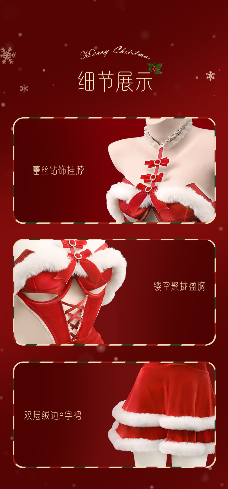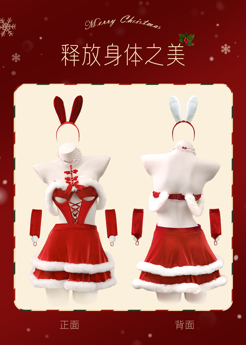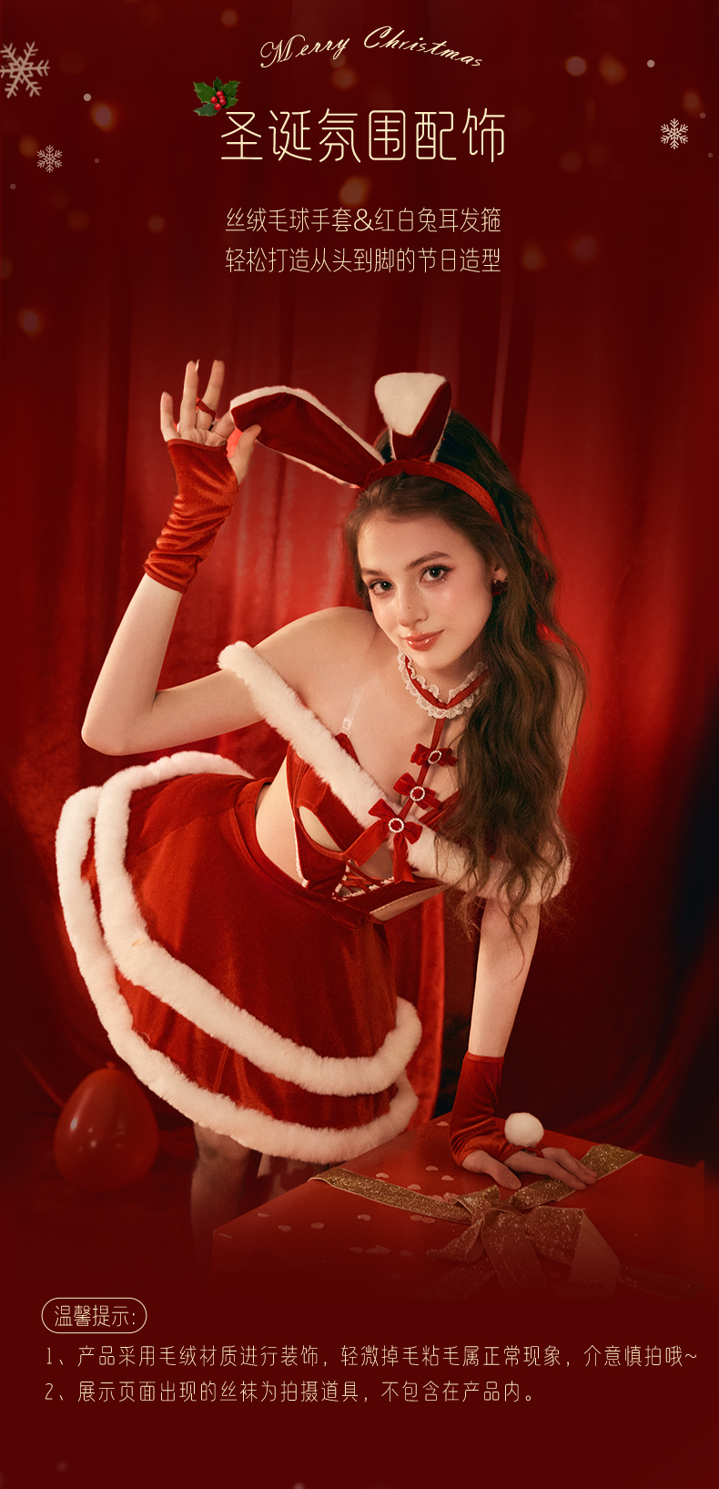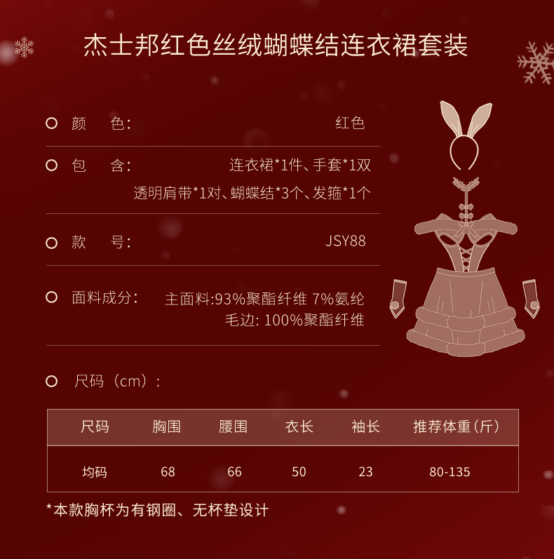 杰士邦红色丝绒蝴蝶结连衣裙套装
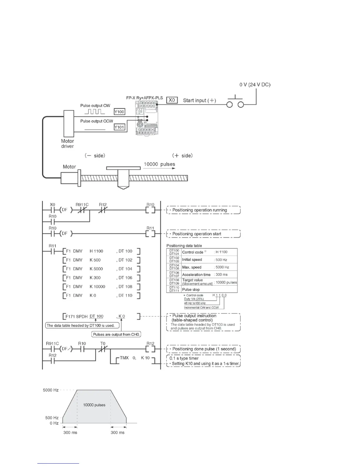 When X0 turns on, the pulse is output from CW output Y100 of the specified channel CH0.
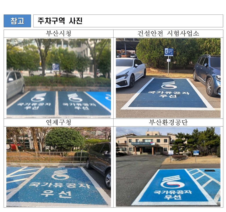 지난 2023년 제정된 「부산광역시 국가유공자 등 우선주차구역 설치 및 운영에 관한 조례」에 따라 국가유공자를 위한 우선주차구역 설치를 추진했으며, 올해(2025년) 6월 17일 기준으로 공공주차시설에 91면의 우선주차구역을 확보해 운영 중이다.
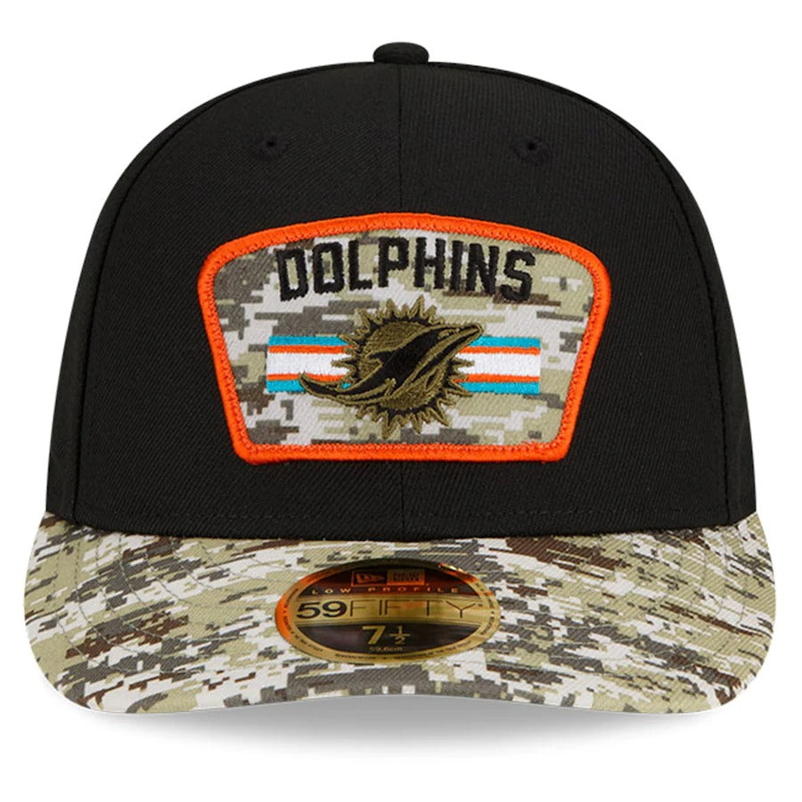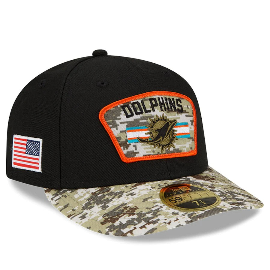 Honor our service members while supporting your favorite team in this year's Official NFL Salute To Service Collection. This two-tone Low Profile 59FIFTY Fitted Hat is constructed of black polyester on the crown and a camo patterned polyester fabric on the visor. The front crown features a fabric applique with custom Miami Dolphins art. This patch uses the same camo fabric from the visor and is surrounded with contrasting team color embroidery. Finishing touches include an embroidered American flag patch on the right wear and the official NFL ''Salute to Service'' patch on the rear. Join your favorite Miami Dolphins players as they wear this cap on the field during the month of November! The NFL does not profit from the sale of Salute to Service products. Charitable contributions are awarded by the NFL Foundation to the NFL's military nonprofit partners. For more information, please visit www.NFL.com/causes/salute.
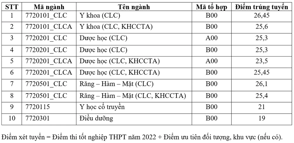 Còn theo công bố của Trường ĐH Y khoa Phạm Ngọc Thạch trong ngày 16-9, điểm chuẩn năm nay ở mức từ 19 đến 26,65 điểm.
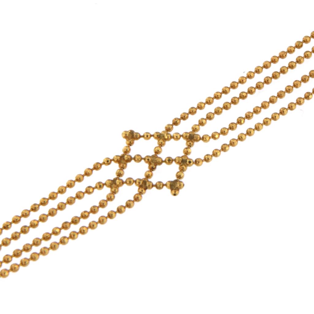 Bracciale morbido in oro 750 (18 KT) quattro fili di pallini con motivo centrale a rombo
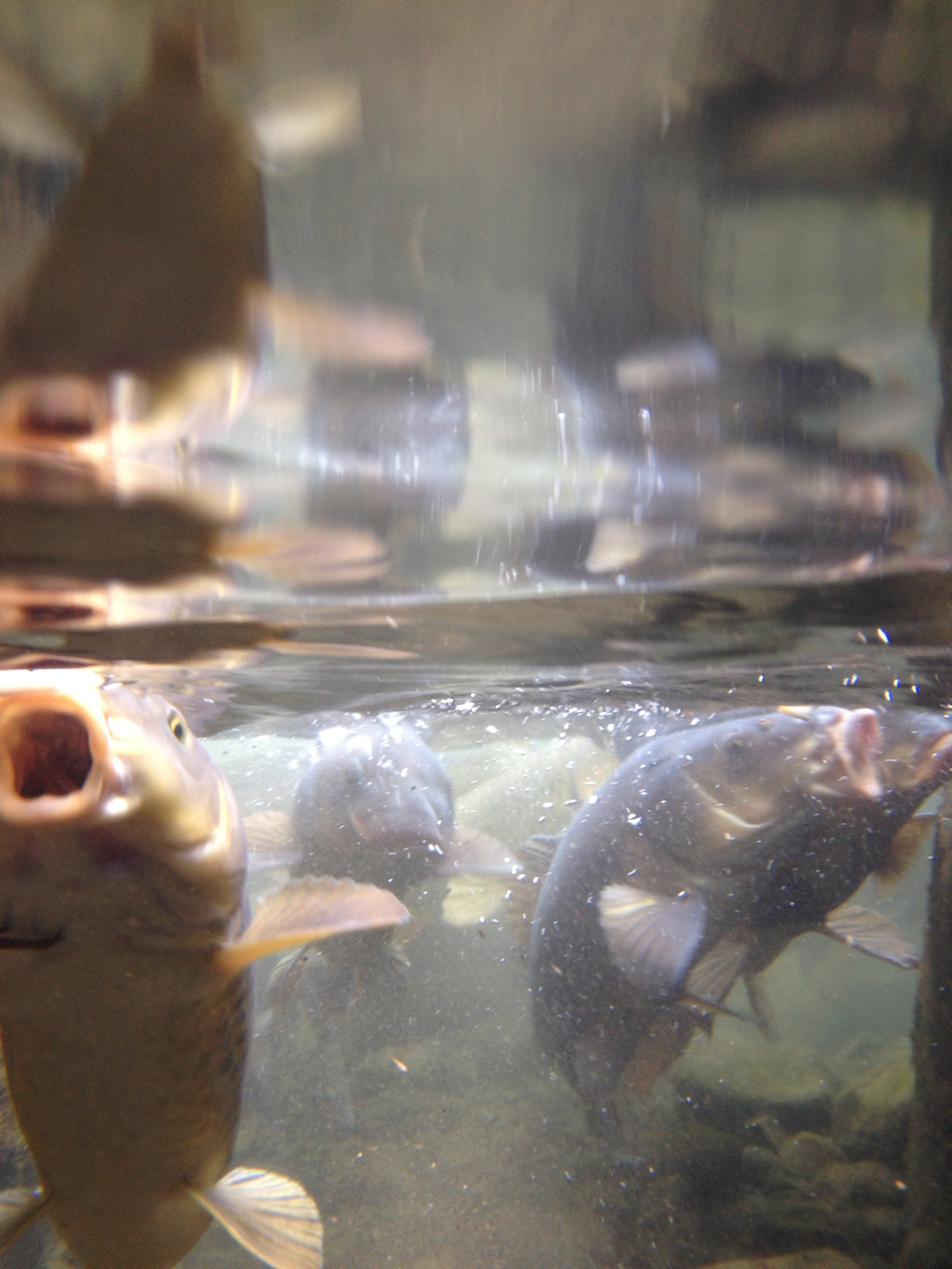そうすると、写真の上半分は水上、下半分は水中という、なんとも不思議な写真が撮れるんです。
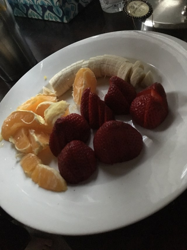 He scratched my arm and kissed me and insisted I stay in bed and rest. Daddy helped him prepare my cut up fruit and he fed me some, eating most of the banana slices while we talked.
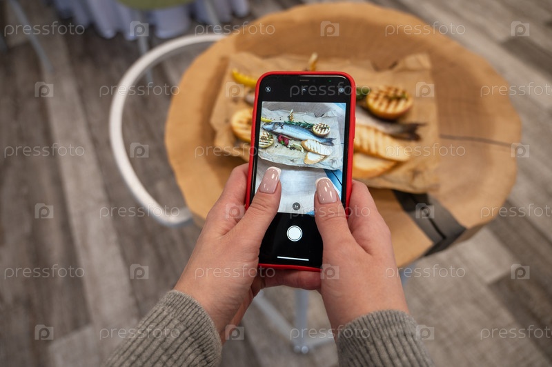 Женщина фотографирует еду
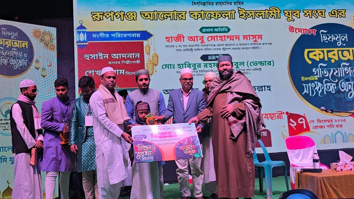 শাকিল আহম্মেদ, স্টাফ রিপোর্টার: নারায়ণগঞ্জের রূপগঞ্জে ইসলামী শিক্ষার প্রসার ও যুব সমাজকে নৈতিকতার আলোয় উদ্বুদ্ধ করার লক্ষ্যে হিফজুল কোরআন প্রতিযোগিতা ও ইসলামী সাংস্কৃতিক অনুষ্ঠানের আয়োজন করা হয়েছে।
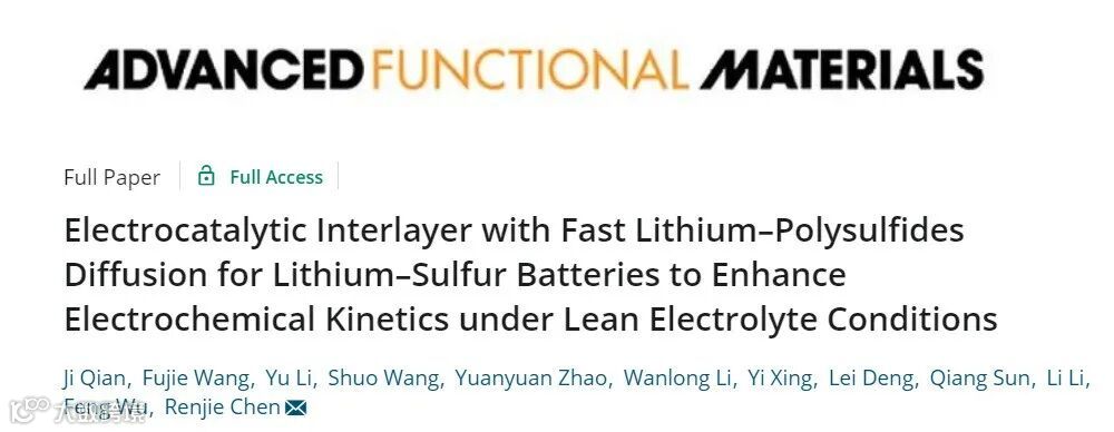 锂硫电池具有较高的理论能量密度,是一种很有前途的储能装置。对于实用的锂-硫电池,减少电解液的用量是实现高能量密度的关键。然而,降低电解液量会导致严重的性能下降,主要是因为放电产物(Li2S)沉积迟缓以及Li2S绝缘性引起的钝化问题。针对上述现象,北京理工大学、北京电动车辆协同创新中心的陈人杰教授等人在国际知名期刊Advanced Functional Materials上发表题为“Electrocatalytic Interlayer with Fast Lithium–Polysulfides Diffusion for Lithium–Sulfur Batteries to Enhance Electrochemical Kinetics under Lean Electrolyte Conditions”的文章。本文第一作者是Ji Qian。本文采用三维开放结构和低比表面积设计制作,这种结构有助于电解质渗透,而不会捕获过多的电解质。此外,电催化Co纳米粒子嵌入层间骨架表面,有效地促进了Li离子的扩散、多硫化物的转化和Li2S的沉积,从而提高了贫电解质条件下的电化学动力学。通过微观结构表征、电化学性能测试、密度泛函理论计算和原位X射线衍射表征,研究了层间效应的机理。这些结果表明,在贫电解质条件下,采用层间策略改善锂硫电池的电化学性能,有可能提高锂硫电池的实际能量密度。
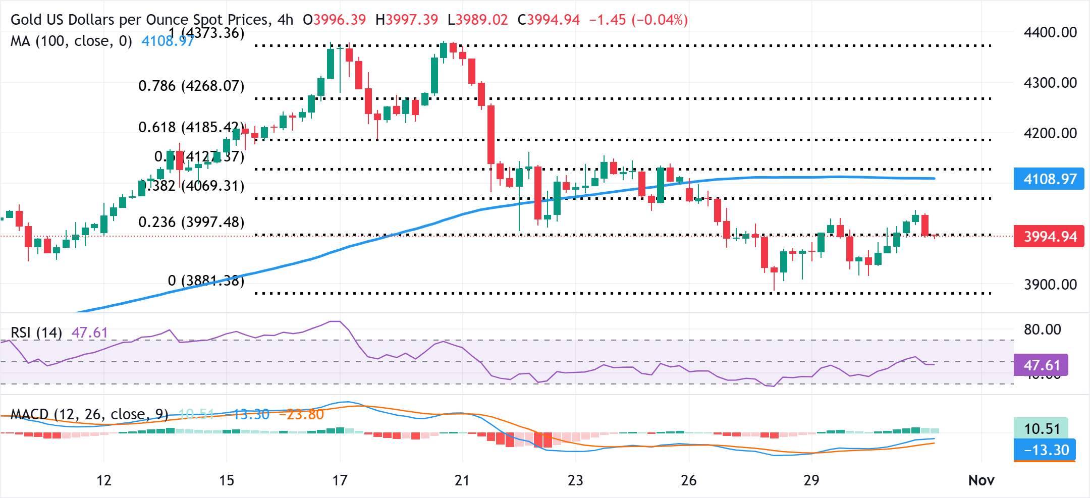 - 美国政府停摆已进入第五周,国会在共和党支持的拨款法案上陷入僵局,助长了经济担忧。这可能会阻止美元多头进行激进押注,而持续的地缘政治风险可能为避险贵金属提供一些支持,并帮助限制进一步的损失。

== == ==

For this exercise, return exactly the lines above from the line with "Honor our service" through the line with "শাকিল আহম্মেদ, স্টাফ", both included. Do not copy the pictures.

 Honor our service members while supporting your favorite team in this year's Official NFL Salute To Service Collection. This two-tone Low Profile 59FIFTY Fitted Hat is constructed of black polyester on the crown and a camo patterned polyester fabric on the visor. The front crown features a fabric applique with custom Miami Dolphins art. This patch uses the same camo fabric from the visor and is surrounded with contrasting team color embroidery. Finishing touches include an embroidered American flag patch on the right wear and the official NFL ''Salute to Service'' patch on the rear. Join your favorite Miami Dolphins players as they wear this cap on the field during the month of November! The NFL does not profit from the sale of Salute to Service products. Charitable contributions are awarded by the NFL Foundation to the NFL's military nonprofit partners. For more information, please visit www.NFL.com/causes/salute.
 Còn theo công bố của Trường ĐH Y khoa Phạm Ngọc Thạch trong ngày 16-9, điểm chuẩn năm nay ở mức từ 19 đến 26,65 điểm.
 Bracciale morbido in oro 750 (18 KT) quattro fili di pallini con motivo centrale a rombo
そうすると、写真の上半分は水上、下半分は水中という、なんとも不思議な写真が撮れるんです。
 He scratched my arm and kissed me and insisted I stay in bed and rest. Daddy helped him prepare my cut up fruit and he fed me some, eating most of the banana slices while we talked.
 Женщина фотографирует еду
 শাকিল আহম্মেদ, স্টাফ রিপোর্টার: নারায়ণগঞ্জের রূপগঞ্জে ইসলামী শিক্ষার প্রসার ও যুব সমাজকে নৈতিকতার আলোয় উদ্বুদ্ধ করার লক্ষ্যে হিফজুল কোরআন প্রতিযোগিতা ও ইসলামী সাংস্কৃতিক অনুষ্ঠানের আয়োজন করা হয়েছে।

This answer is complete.